▶ [What is expected] As you reproduce every line below, keep it exactly as written and leave out the images.

-*-

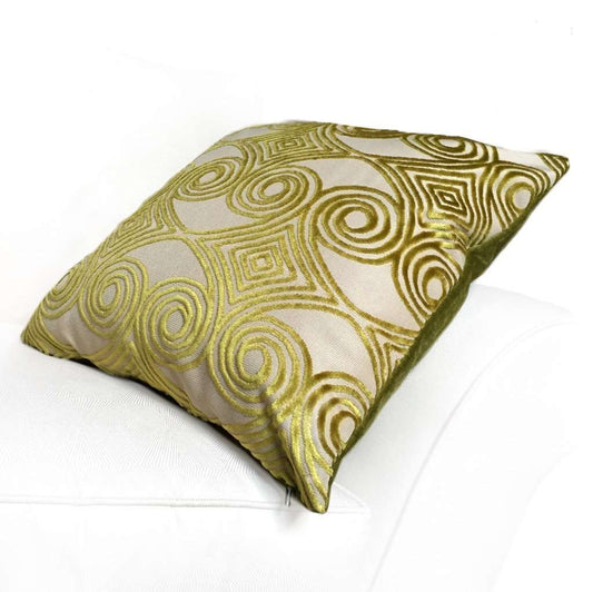 Lime Green Gold Beige Cut Velvet Scrollwork Geometric Pillow Cover
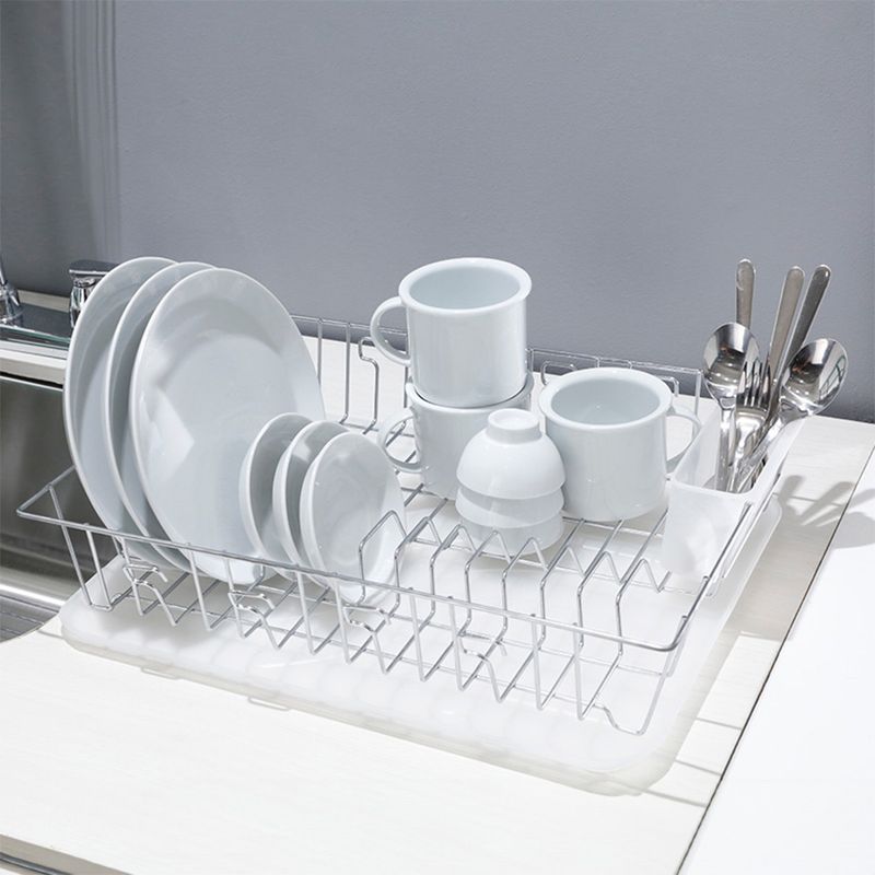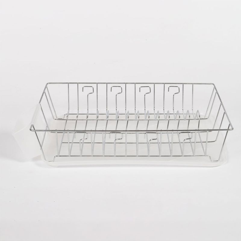 Escurridor de platos con marcos laterales en fleje elegante que le dan personalidad y un juego de tramas y barandas rectangulares que complementan su forma. Incluye bandeja negra y portavasos laterale
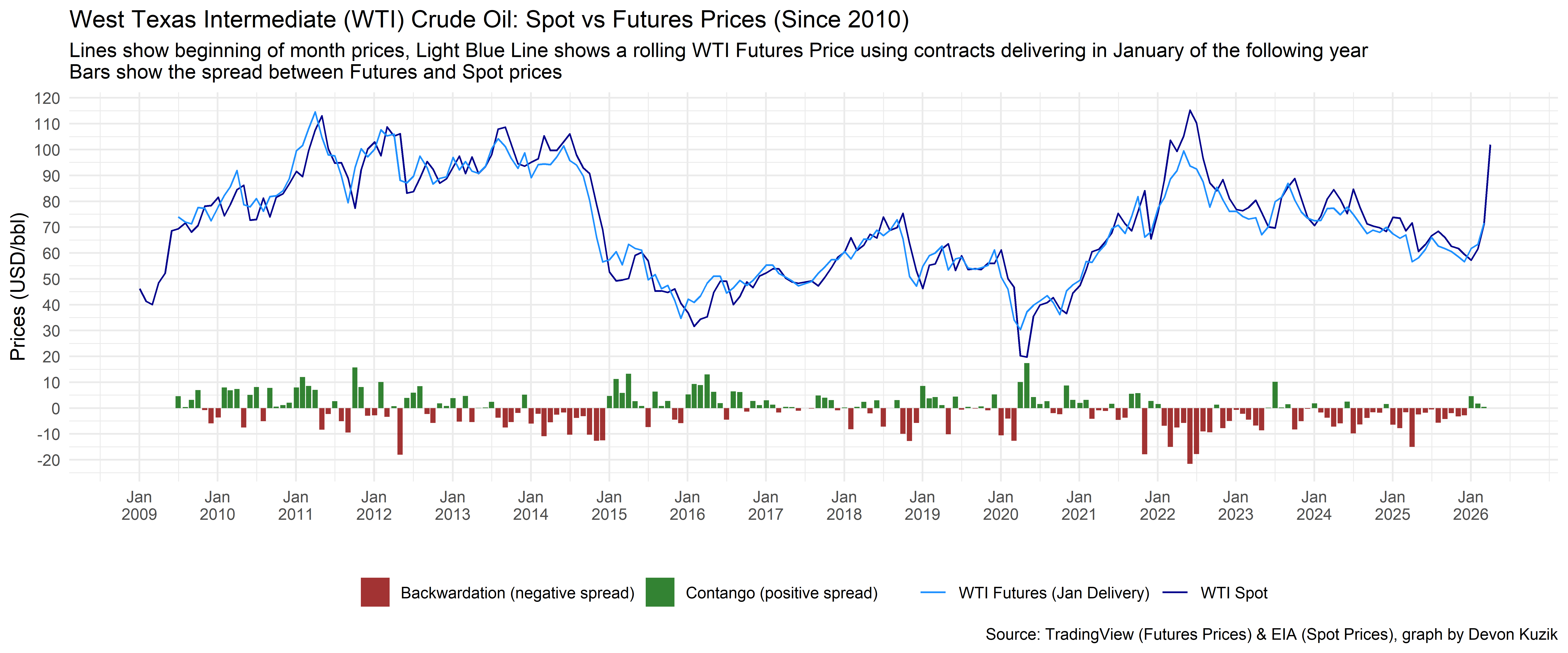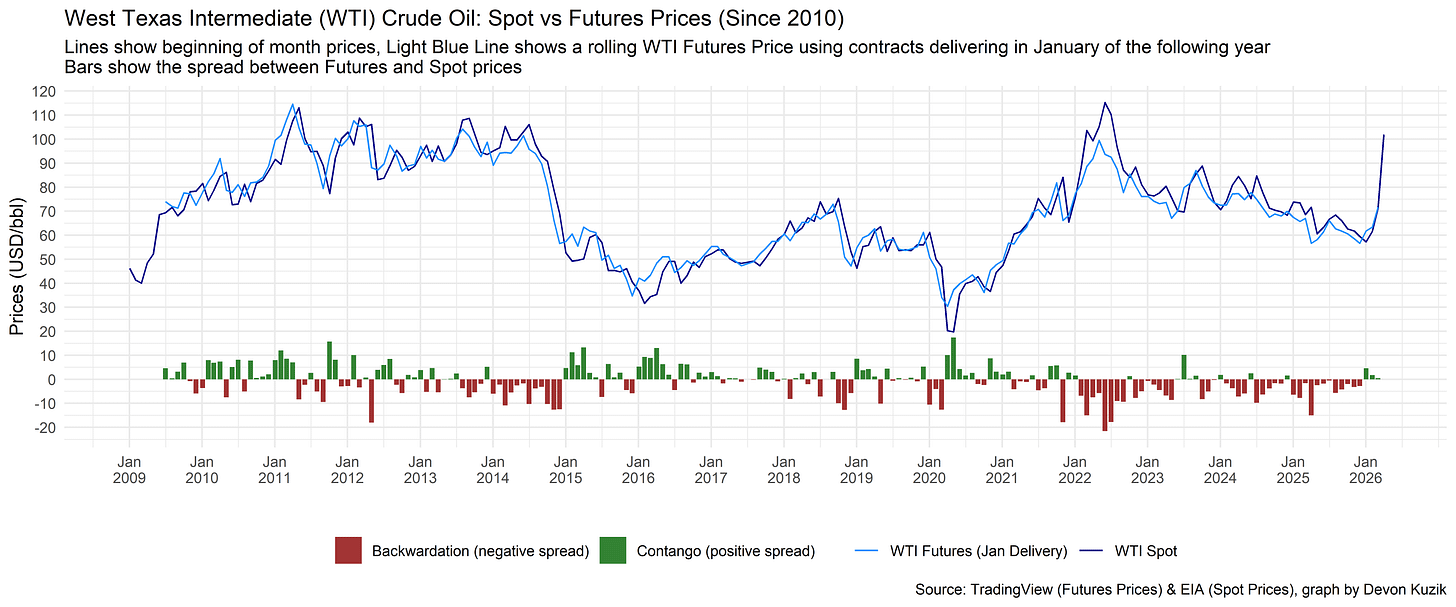 Finance student Devon Kuzik, from whom I learned more than a few things this term, has a great visual of WTI spot vs. futures prices which includes my two favourite words in energy finance: contango and backwardation.
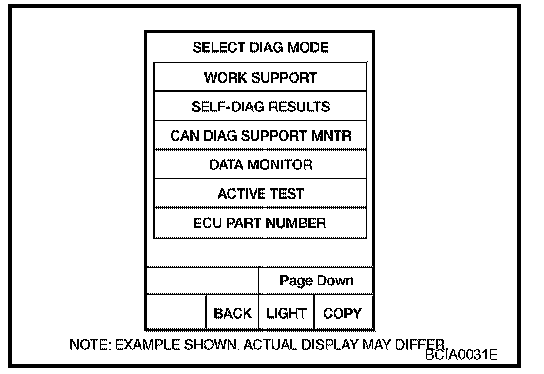 2. Touch "WORK SUPPORT" on "SELECT DIAG MODE" screen.
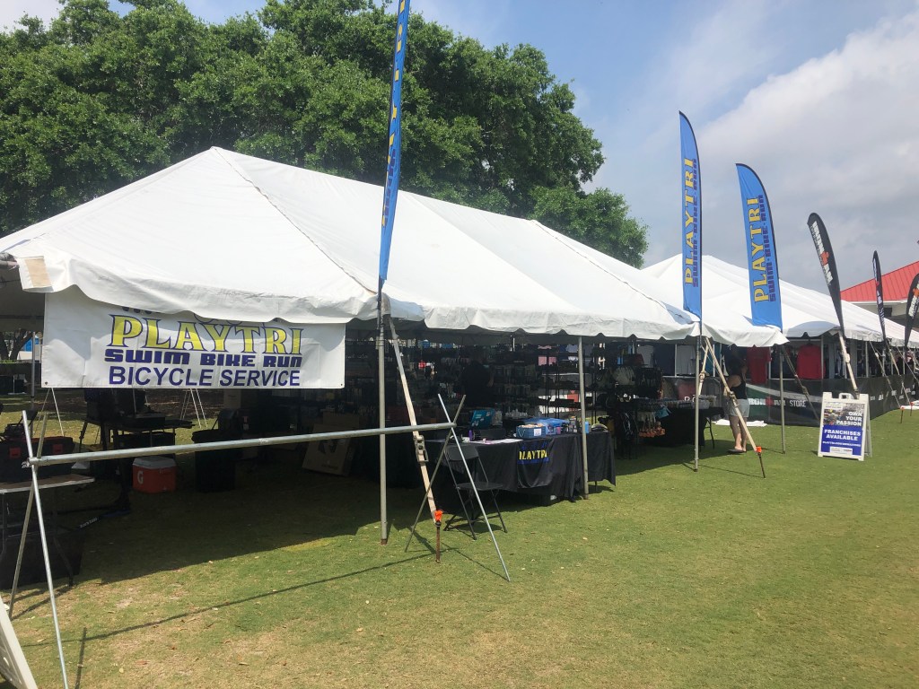 今回は、No Soectator (観戦者なし)レースで、エキスポもアイアンマンパートナーのベンダーのみで、かなり規模が小さい。オフィシャルストア、ホイールレンタル、バイクトランスポート、ノンアルコールビール、コンプレッションブーツの企業のみ。 No Soectatorといっても、観戦者はたくさんコースにいるが、スイムスタート、トランジション、フィニッシュラインのエリアの周りは、アスリート以外立ち入り禁止。
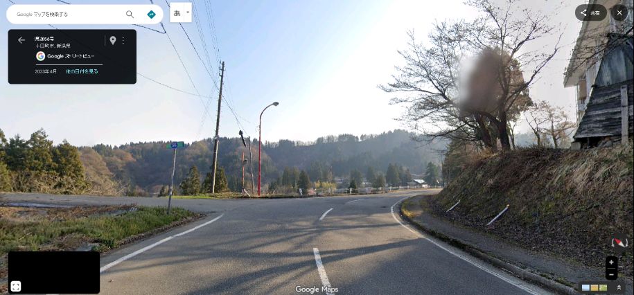 「新潟県十日町市小白倉」のキャンパス白倉(旧白倉小学校)横の県道。 ↓ |
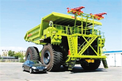 圖為內(nèi)蒙古北方重型汽車股份有限公司生產(chǎn)的NTE360電傳動(dòng)非公路礦用自卸車。
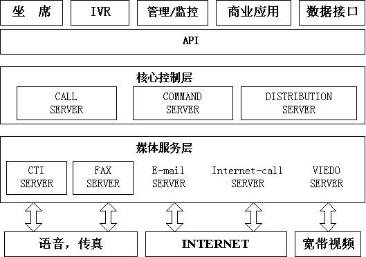 需要指出的是,由于ICSYS智能平臺(tái)系統(tǒng)采用了媒體服務(wù)層,上述所有Internet 呼叫事件都統(tǒng)一發(fā)送到系統(tǒng)核心層,所有呼叫的路由都由核心層Distribution Server來(lái)統(tǒng)一分配,從而保證了多種媒體的統(tǒng)一接入和統(tǒng)一排隊(duì)。三 商業(yè)應(yīng)用
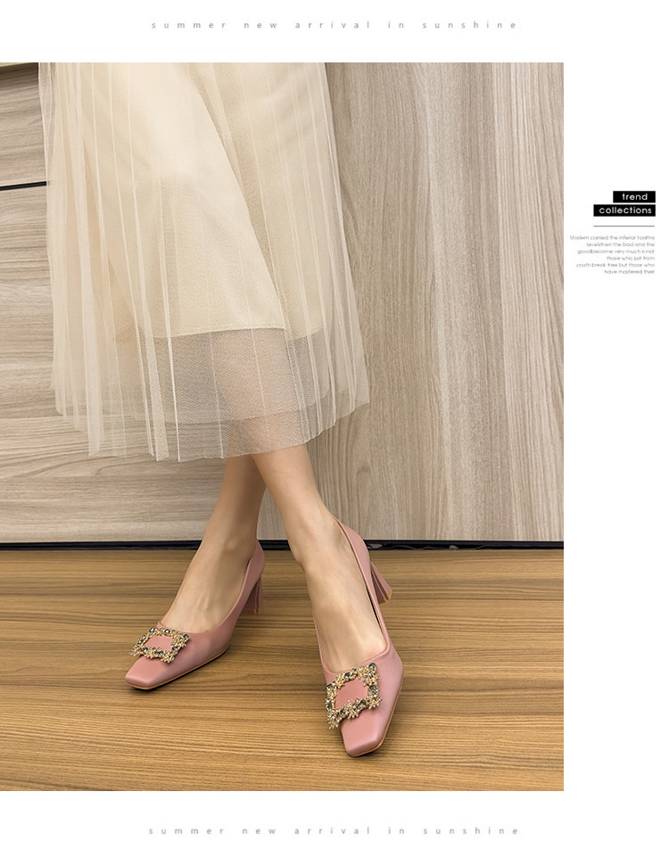 方头粗跟高跟鞋女25新春季气质女神范配裙子时尚水钻通勤单鞋女 006935
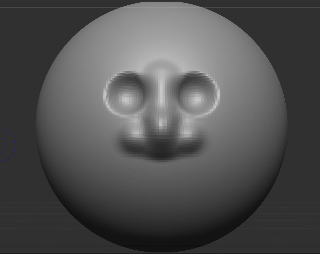 Also, I will do the opposite for the nose as I want to add volume to the sphere as noses tend to stick out somewhat on a face. I will put the nose in between where the eyes are, and you can see what it looks like below. However, at first, I thought the nose was too small, so I adjusted it until I was happy with it.
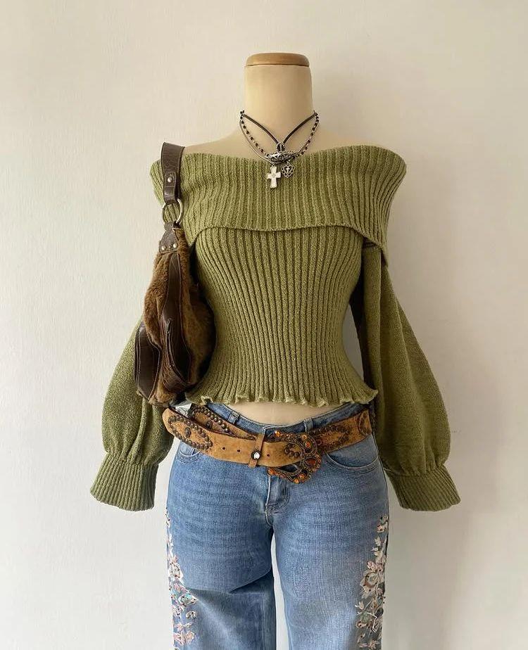 Haki Madonna Yaka Büzgülü Kol Triko Kazak (BLN-KZKS-24)
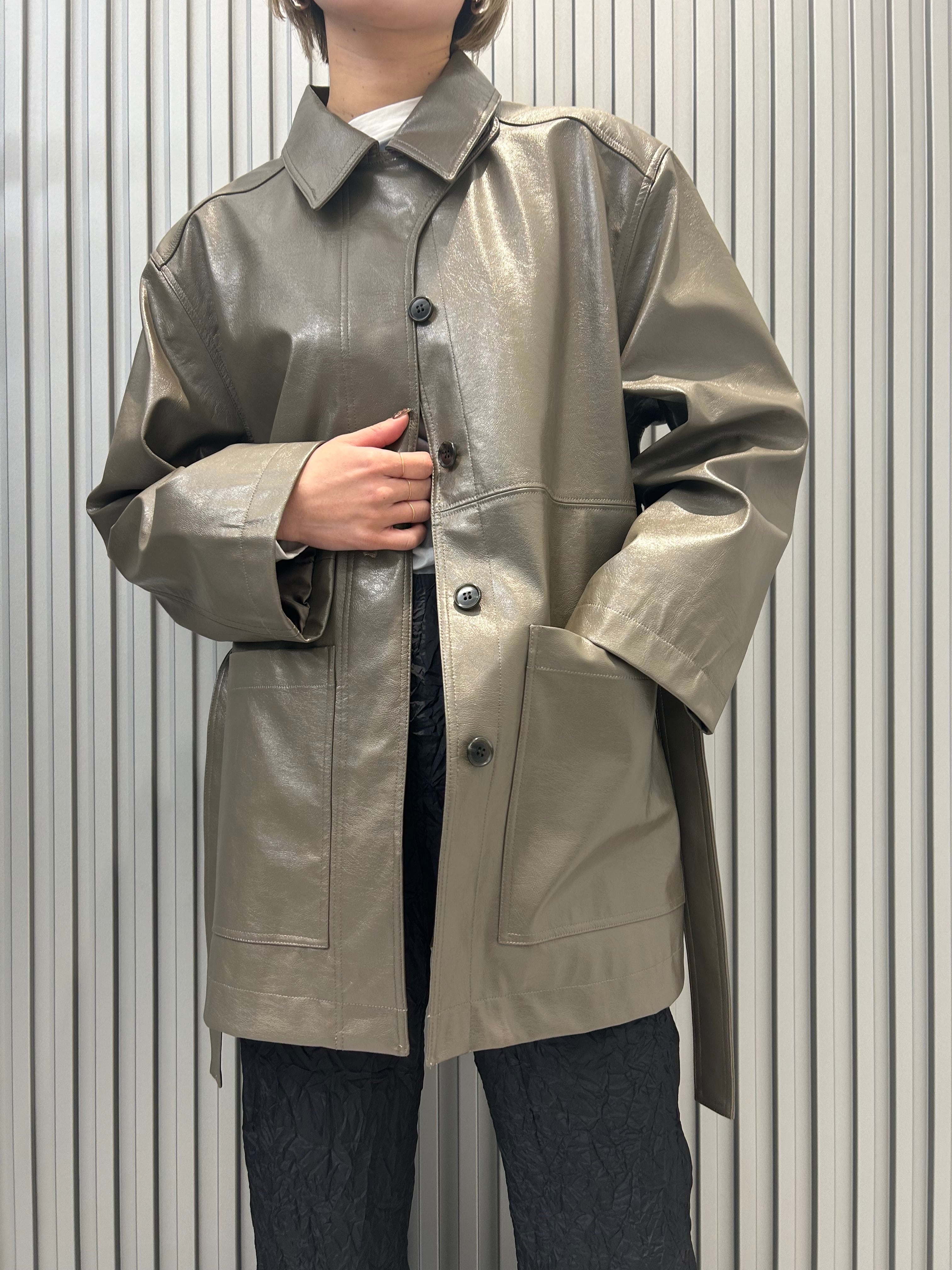ヴィーガンレザーを使用したベルト付きジャケット。

-*-

▶ [Output below]
 Lime Green Gold Beige Cut Velvet Scrollwork Geometric Pillow Cover
 Escurridor de platos con marcos laterales en fleje elegante que le dan personalidad y un juego de tramas y barandas rectangulares que complementan su forma. Incluye bandeja negra y portavasos laterale
 Finance student Devon Kuzik, from whom I learned more than a few things this term, has a great visual of WTI spot vs. futures prices which includes my two favourite words in energy finance: contango and backwardation.
 2. Touch "WORK SUPPORT" on "SELECT DIAG MODE" screen.
 今回は、No Soectator (観戦者なし)レースで、エキスポもアイアンマンパートナーのベンダーのみで、かなり規模が小さい。オフィシャルストア、ホイールレンタル、バイクトランスポート、ノンアルコールビール、コンプレッションブーツの企業のみ。 No Soectatorといっても、観戦者はたくさんコースにいるが、スイムスタート、トランジション、フィニッシュラインのエリアの周りは、アスリート以外立ち入り禁止。
 「新潟県十日町市小白倉」のキャンパス白倉(旧白倉小学校)横の県道。 ↓ |
 圖為內(nèi)蒙古北方重型汽車股份有限公司生產(chǎn)的NTE360電傳動(dòng)非公路礦用自卸車。
 需要指出的是,由于ICSYS智能平臺(tái)系統(tǒng)采用了媒體服務(wù)層,上述所有Internet 呼叫事件都統(tǒng)一發(fā)送到系統(tǒng)核心層,所有呼叫的路由都由核心層Distribution Server來(lái)統(tǒng)一分配,從而保證了多種媒體的統(tǒng)一接入和統(tǒng)一排隊(duì)。三 商業(yè)應(yīng)用
 方头粗跟高跟鞋女25新春季气质女神范配裙子时尚水钻通勤单鞋女 006935
 Also, I will do the opposite for the nose as I want to add volume to the sphere as noses tend to stick out somewhat on a face. I will put the nose in between where the eyes are, and you can see what it looks like below. However, at first, I thought the nose was too small, so I adjusted it until I was happy with it.
 Haki Madonna Yaka Büzgülü Kol Triko Kazak (BLN-KZKS-24)
ヴィーガンレザーを使用したベルト付きジャケット。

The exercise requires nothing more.